### Given material
========================================
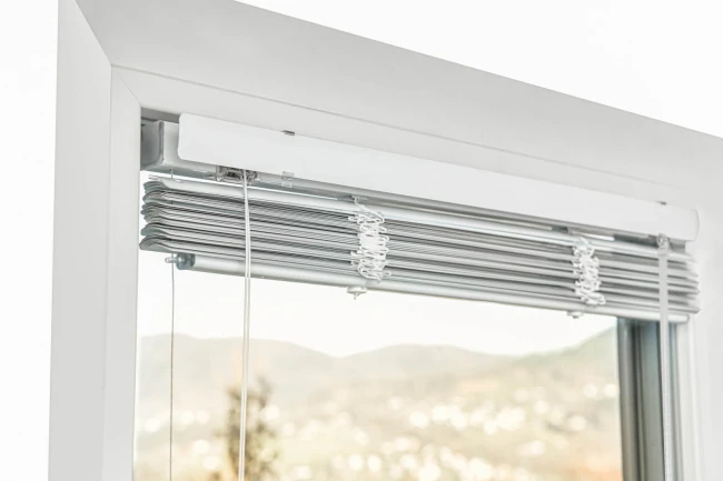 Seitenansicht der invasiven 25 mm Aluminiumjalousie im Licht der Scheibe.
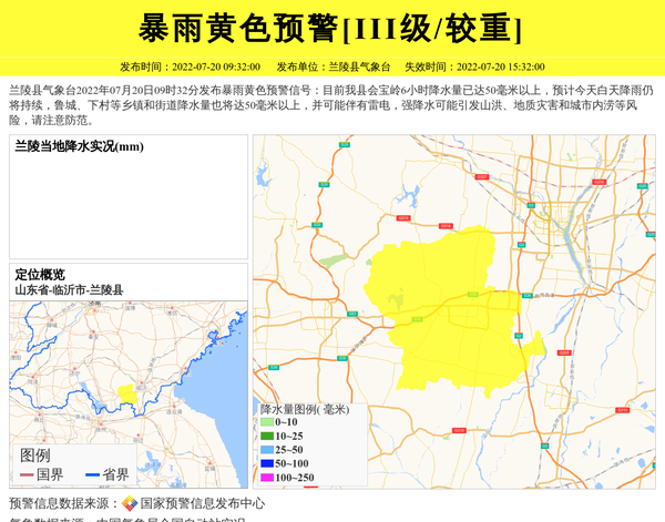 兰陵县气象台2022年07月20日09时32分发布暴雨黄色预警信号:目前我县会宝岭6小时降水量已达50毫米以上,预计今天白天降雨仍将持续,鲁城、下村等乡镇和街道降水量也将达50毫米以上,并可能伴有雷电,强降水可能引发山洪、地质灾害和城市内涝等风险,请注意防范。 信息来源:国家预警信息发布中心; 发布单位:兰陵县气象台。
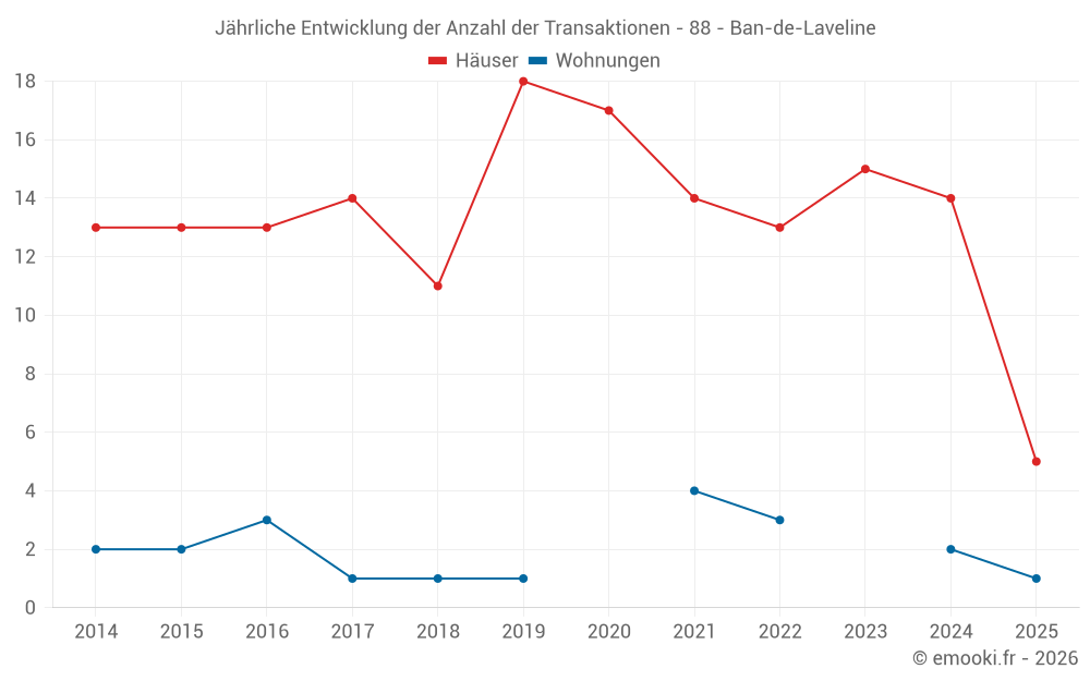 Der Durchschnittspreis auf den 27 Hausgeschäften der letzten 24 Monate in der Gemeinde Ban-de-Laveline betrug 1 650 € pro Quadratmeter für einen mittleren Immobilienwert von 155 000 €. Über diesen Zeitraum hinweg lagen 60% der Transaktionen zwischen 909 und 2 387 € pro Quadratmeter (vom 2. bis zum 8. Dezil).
========================================
### What you need to do
In the copy, include no pictures, but repeat the listing exactly.

### Task solution
 Seitenansicht der invasiven 25 mm Aluminiumjalousie im Licht der Scheibe.
 兰陵县气象台2022年07月20日09时32分发布暴雨黄色预警信号:目前我县会宝岭6小时降水量已达50毫米以上,预计今天白天降雨仍将持续,鲁城、下村等乡镇和街道降水量也将达50毫米以上,并可能伴有雷电,强降水可能引发山洪、地质灾害和城市内涝等风险,请注意防范。 信息来源:国家预警信息发布中心; 发布单位:兰陵县气象台。
 Der Durchschnittspreis auf den 27 Hausgeschäften der letzten 24 Monate in der Gemeinde Ban-de-Laveline betrug 1 650 € pro Quadratmeter für einen mittleren Immobilienwert von 155 000 €. Über diesen Zeitraum hinweg lagen 60% der Transaktionen zwischen 909 und 2 387 € pro Quadratmeter (vom 2. bis zum 8. Dezil).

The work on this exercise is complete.